Long Live Monopotrump!


Greenland? I’ll take it! It wasn’t a misunderstanding or a hoax. The president of the United States is actually interested in purchasing this Danish territory, which he views as a practical steppingstone to Europe. The Trumpian fantasy of applying Monopoly rules to geopolitical reality elicits shock – what nerve! – and posturing. Danish politicians are screaming mad and striking a nationalist chord.

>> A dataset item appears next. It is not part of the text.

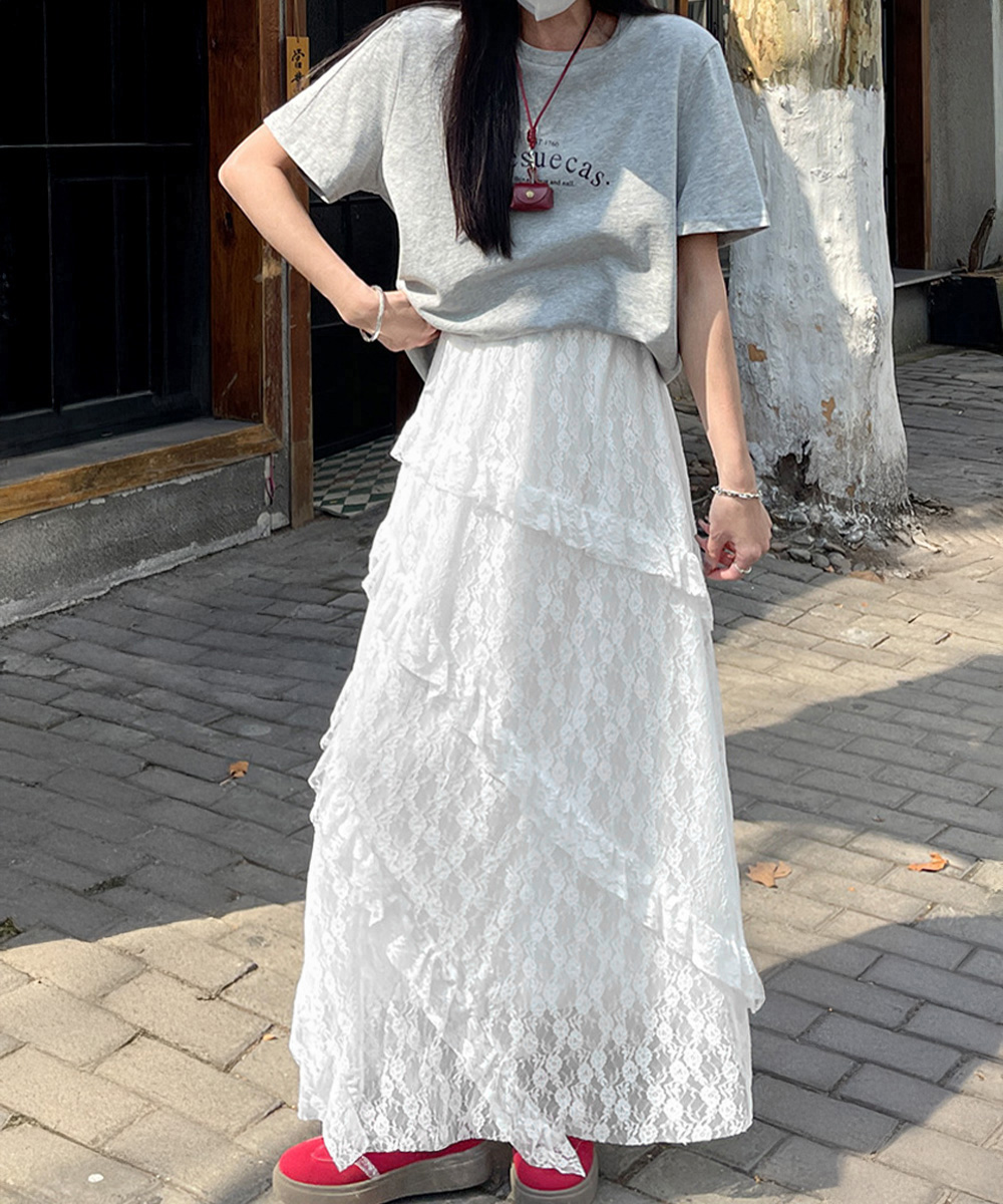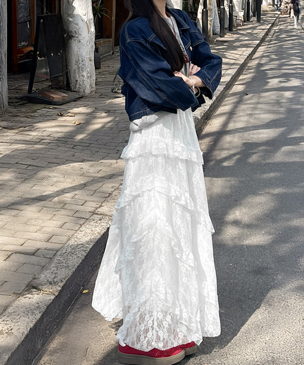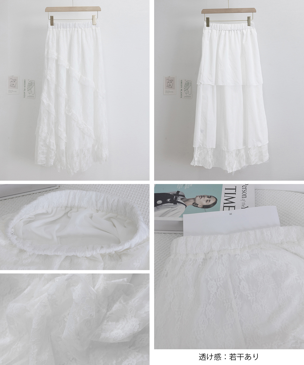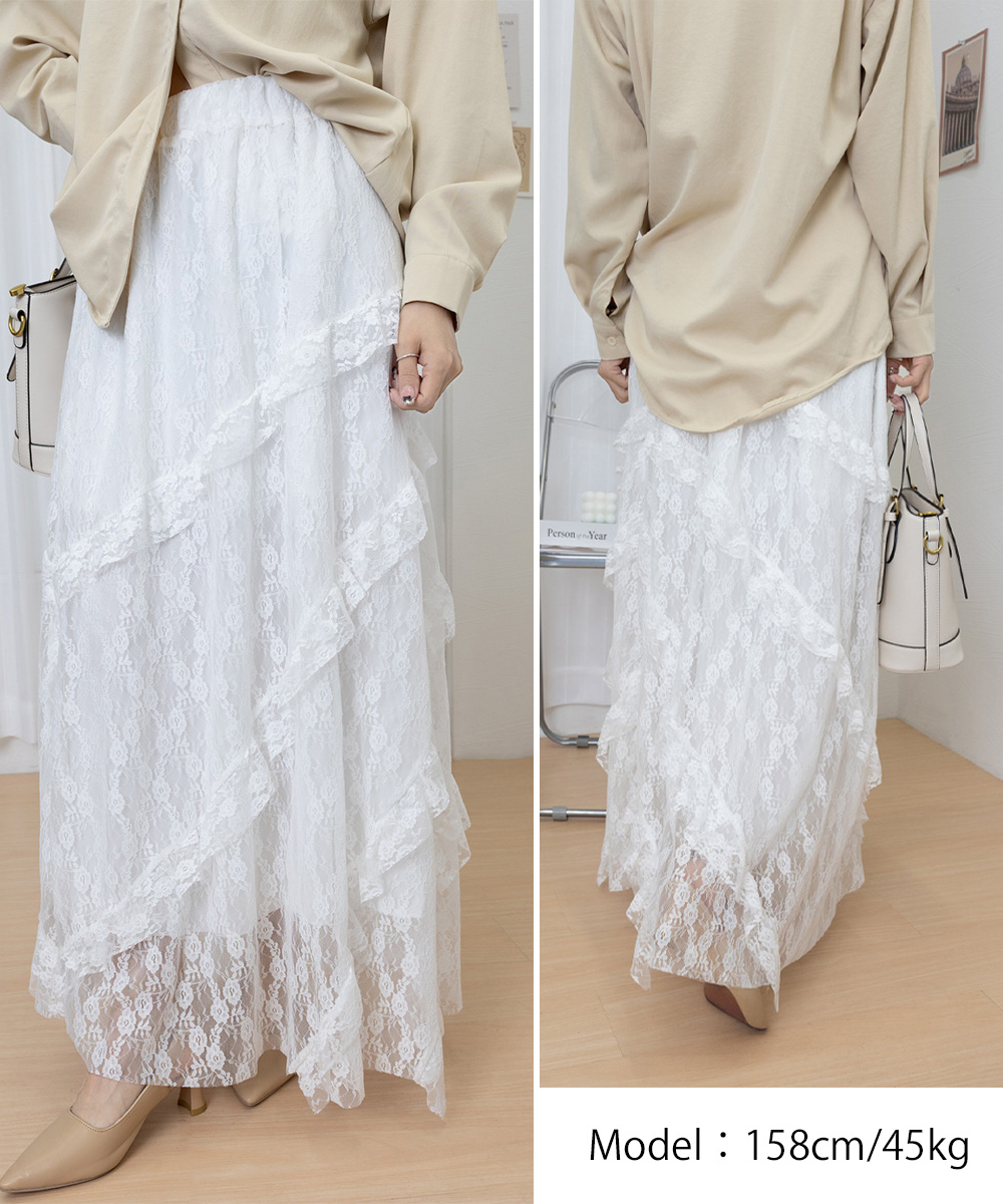 繊細な白レース素材を使用した、フェミニンで上品なティアードロングスカート。

This latest display of Trump’s superiority complex is nonetheless instructive. It must be taken as an unvarnished demonstration of his way of thinking. The most powerful man on earth is in keeping with, and comfortable invoking, what is, to his eyes, historic domination. His country, a machine of opulence and influence, has expanded in the past. The U.S. bought Louisiana from the French two centuries ago, then Alaska from Russia, and the Virgin Islands from Denmark (already) 100 years ago. The real estate mogul is resorting to some outdated habits from a world still mapped in sepia. To him, everything, even a people, still has its price.

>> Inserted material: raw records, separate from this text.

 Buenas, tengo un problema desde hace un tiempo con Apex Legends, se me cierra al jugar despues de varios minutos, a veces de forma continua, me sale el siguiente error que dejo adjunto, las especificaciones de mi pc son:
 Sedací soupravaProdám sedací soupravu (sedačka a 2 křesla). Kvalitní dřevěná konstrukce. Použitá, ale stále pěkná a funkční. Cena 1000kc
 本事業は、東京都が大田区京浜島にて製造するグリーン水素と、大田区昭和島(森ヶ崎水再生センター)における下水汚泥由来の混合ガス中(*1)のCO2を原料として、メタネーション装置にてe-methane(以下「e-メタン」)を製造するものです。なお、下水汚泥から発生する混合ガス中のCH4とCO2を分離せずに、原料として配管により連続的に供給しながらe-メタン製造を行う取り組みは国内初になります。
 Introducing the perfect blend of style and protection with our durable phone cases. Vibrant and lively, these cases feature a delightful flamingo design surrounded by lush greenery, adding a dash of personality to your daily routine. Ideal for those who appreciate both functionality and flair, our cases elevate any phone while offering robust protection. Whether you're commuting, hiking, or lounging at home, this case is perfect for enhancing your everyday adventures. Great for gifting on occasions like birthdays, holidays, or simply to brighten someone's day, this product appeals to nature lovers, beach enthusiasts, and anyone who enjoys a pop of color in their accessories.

As Trump reveals his curious personal interest in Greenland, we can grasp the extent to which the big boss believes money to be the universal language, all the more advantageous to those that have it that they can dispense with the equivocation and the failures of diplomacy.

The checkbook is no less ethical than the weapon. Vladimir Putin, who annexed Crimea, was received at Brégançon Fort. India just put Kashmir in its pocket, and so many states resort to underhanded violence such as in the East, for example, without being ostracized by the world community.

Trump, with his fixation on the superstar dollar and his sights on a European jump seat, is therefore not that scandalous. He is transparent. Just ahead of the next Group of Seven summit of major industrial nations in France, Trump has the good grace to remind people that he is engaged in a live game of Monopotrump from the White House.